1. **Install NeMo Curator** with video processing support
2. **Set up FFmpeg** with GPU-accelerated encoding
3. **Configure embedding models** (Cosmos-Embed1)
4. **Process videos** through a complete splitting and embedding pipeline
5. **Generate outputs** ready for duplicate removal, captioning, and model training

**What you build:** A video processing pipeline that:

* Splits videos into 10-second clips using fixed stride or scene detection
* Generates clip-level embeddings for similarity search and deduplication
* Optionally creates captions and preview images
* Outputs results in formats compatible with multimodal training workflows

## Prerequisites

### System Requirements

To use NeMo Curator's video curation capabilities, ensure your system meets these requirements:

#### Operating System

* **Ubuntu 24.04, 22.04, or 20.04** (required for GPU-accelerated video processing)
* Other Linux distributions may work but are not officially supported

#### Python Environment

* **Python 3.10, 3.11, or 3.12**
* **uv package manager** for dependency management
* **Git** for model and repository dependencies

#### GPU Requirements

* **NVIDIA GPU required** (CPU-only mode not supported for video processing)
* **Architecture**: Volta™ or newer (compute capability 7.0+)
  * Examples: V100, T4, RTX 2080+, A100, H100
* **CUDA**: Version 12.0 or above
* **VRAM**: Minimum requirements by configuration:
  * Basic splitting + embedding: \~16GB VRAM
  * Full pipeline (splitting + embedding + captioning): \~38GB VRAM
  * Reduced configuration (lower batch sizes, FP8): \~21GB VRAM

#### Software Dependencies

* **FFmpeg 8.0+** with H.264 encoding support
  * GPU encoder: `h264_nvenc` (recommended for performance)
  * CPU encoders: `libopenh264` or `libx264` (fallback options)

<Tip>
  If `uv` is not installed, refer to the [Installation Guide](/admin/installation) for setup instructions, or install it quickly with:

  ```bash
  curl -LsSf https://astral.sh/uv/0.8.22/install.sh | sh
  source $HOME/.local/bin/env
  ```
</Tip>

***

## Install

Create and activate a virtual environment, then choose an install option:

<Tabs>
  <Tab title="PyPI">
    ```bash
    uv pip install torch wheel_stub psutil setuptools setuptools_scm
    uv pip install --no-build-isolation "nemo-curator[video_cuda12]"
    ```
  </Tab>

  <Tab title="Source">
    ```bash
    git clone https://github.com/NVIDIA-NeMo/Curator.git
    cd Curator
    uv sync --extra video_cuda12 --all-groups
    source .venv/bin/activate
    ```
  </Tab>

  <Tab title="NeMo Curator Container">
    NeMo Curator is available as a standalone container:

    ```bash
    # Pull the container
    docker pull nvcr.io/nvidia/nemo-curator:{{ container_version }}

    # Run the container
    docker run --gpus all -it --rm nvcr.io/nvidia/nemo-curator:{{ container_version }}
    ```

    <Note>
      For details on container environments and configurations, see [Container Environments](/reference/infra/container-environments).
    </Note>
  </Tab>
</Tabs>

## Install FFmpeg and Encoders

Curator’s video pipelines rely on `FFmpeg` for decoding and encoding. If you plan to encode clips (for example, using `--transcode-encoder libopenh264` or `h264_nvenc`), install `FFmpeg` with the corresponding encoders.

<Tabs>
  <Tab title="Debian/Ubuntu (Script)">
    Use the maintained script in the repository to build and install `FFmpeg` with `libopenh264` and NVIDIA NVENC support. The script enables `--enable-libopenh264`, `--enable-cuda-nvcc`, and `--enable-libnpp`.

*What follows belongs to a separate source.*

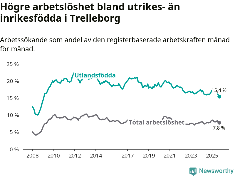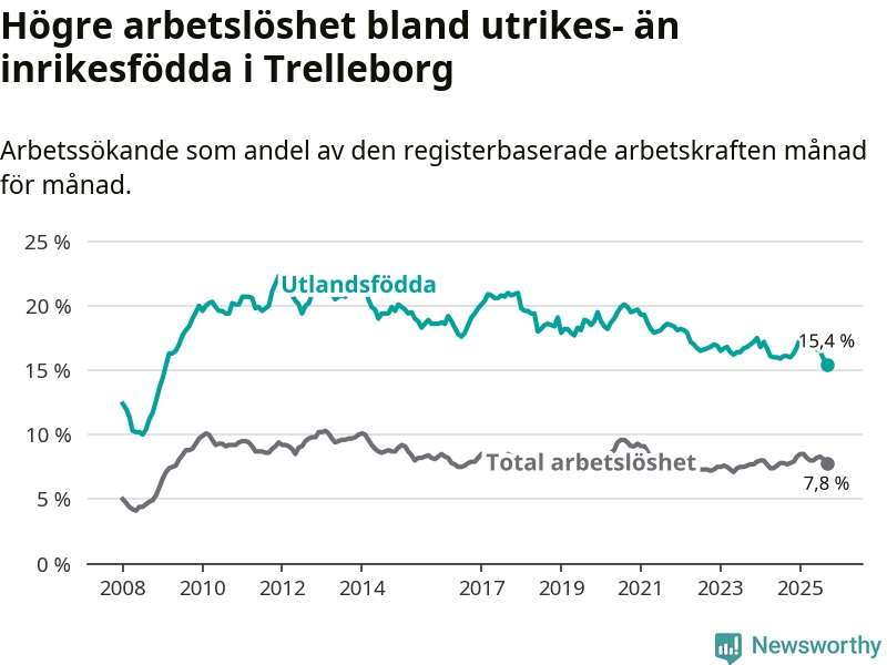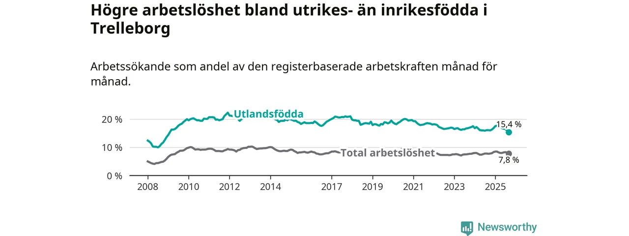 Skillnaden i arbetslöshet mellan utrikesfödda och hela befolkningen är 7,6 procentenheter i Trelleborg. Det är en mindre skillnad än för ett år sedan (−0,8 procentenheter).

    * Script source: [docker/common/install\_ffmpeg.sh](https://github.com/NVIDIA-NeMo/Curator/blob/main/docker/common/install_ffmpeg.sh)

    ```bash
    curl -fsSL https://raw.githubusercontent.com/NVIDIA-NeMo/Curator/main/docker/common/install_ffmpeg.sh -o install_ffmpeg.sh
    chmod +x install_ffmpeg.sh
    sudo bash install_ffmpeg.sh
    ```
  </Tab>

  <Tab title="Verify Installation">
    Confirm that `FFmpeg` is on your `PATH` and that at least one H.264 encoder is available:

    ```bash
    ffmpeg -hide_banner -version | head -n 5
    ffmpeg -encoders | grep -E "h264_nvenc|libopenh264|libx264" | cat
    ```

    If encoders are missing, reinstall `FFmpeg` with the required options or use the Debian/Ubuntu script above.
  </Tab>
</Tabs>

Refer to [Clip Encoding](/curate-video/process-data/transcoding) to choose encoders and verify NVENC support on your system.

### Available Models

Embeddings convert each video clip into a numeric vector that captures visual and semantic content. Curator uses these vectors to:

* Remove near-duplicate clips during duplicate removal
* Enable similarity search and clustering
* Support downstream analysis such as caption verification

NeMo Curator supports two embedding model families:

#### Cosmos-Embed1 (Recommended)

**Cosmos-Embed1 (default)**: Available in three variants—**cosmos-embed1-224p**, **cosmos-embed1-336p**, and **cosmos-embed1-448p**—which differ in input resolution and accuracy/VRAM tradeoff. All variants are automatically downloaded to `MODEL_DIR` on first run.

| Model Variant          | Resolution | VRAM Usage | Speed   | Accuracy | Best For                                       |
| ---------------------- | ---------- | ---------- | ------- | -------- | ---------------------------------------------- |
| **cosmos-embed1-224p** | 224×224    | \~8GB      | Fastest | Good     | Large-scale processing, initial curation       |
| **cosmos-embed1-336p** | 336×336    | \~12GB     | Medium  | Better   | Balanced performance and quality               |
| **cosmos-embed1-448p** | 448×448    | \~16GB     | Slower  | Best     | High-quality embeddings, fine-grained matching |

**Model links:**

* [cosmos-embed1-224p on Hugging Face](https://huggingface.co/nvidia/cosmos-embed1-224p)
* [cosmos-embed1-336p on Hugging Face](https://huggingface.co/nvidia/cosmos-embed1-336p)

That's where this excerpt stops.